**Required action**
Excluding pictures, transcribe precisely the lines from the one containing "I Erik Dahlberghs" to the final line of the listing below, inclusive, and nothing more.

**Supplied information**
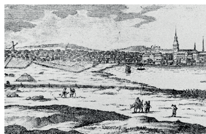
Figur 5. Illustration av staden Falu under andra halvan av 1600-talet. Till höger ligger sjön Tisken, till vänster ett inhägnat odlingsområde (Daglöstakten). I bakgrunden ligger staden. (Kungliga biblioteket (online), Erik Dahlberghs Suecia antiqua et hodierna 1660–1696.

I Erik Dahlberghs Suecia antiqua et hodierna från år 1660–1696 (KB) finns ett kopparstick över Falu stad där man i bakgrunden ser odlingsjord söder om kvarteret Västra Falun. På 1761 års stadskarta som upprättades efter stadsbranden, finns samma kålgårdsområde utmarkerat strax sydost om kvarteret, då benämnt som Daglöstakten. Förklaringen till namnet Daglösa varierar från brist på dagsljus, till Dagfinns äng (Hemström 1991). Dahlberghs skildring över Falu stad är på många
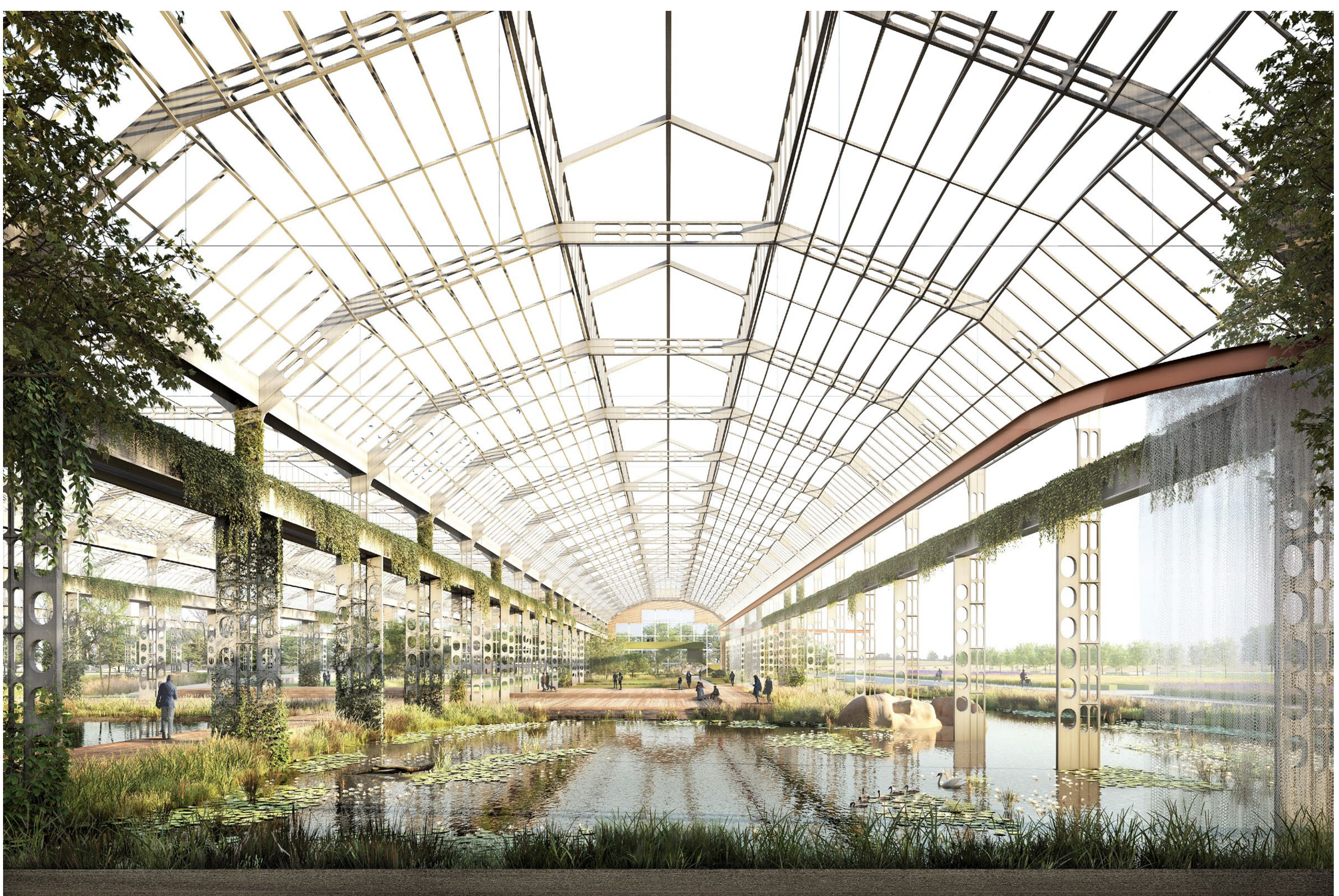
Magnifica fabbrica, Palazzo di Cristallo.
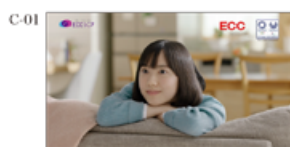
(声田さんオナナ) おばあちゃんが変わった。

**Written response**
I Erik Dahlberghs Suecia antiqua et hodierna från år 1660–1696 (KB) finns ett kopparstick över Falu stad där man i bakgrunden ser odlingsjord söder om kvarteret Västra Falun. På 1761 års stadskarta som upprättades efter stadsbranden, finns samma kålgårdsområde utmarkerat strax sydost om kvarteret, då benämnt som Daglöstakten. Förklaringen till namnet Daglösa varierar från brist på dagsljus, till Dagfinns äng (Hemström 1991). Dahlberghs skildring över Falu stad är på många
Magnifica fabbrica, Palazzo di Cristallo.
(声田さんオナナ) おばあちゃんが変わった。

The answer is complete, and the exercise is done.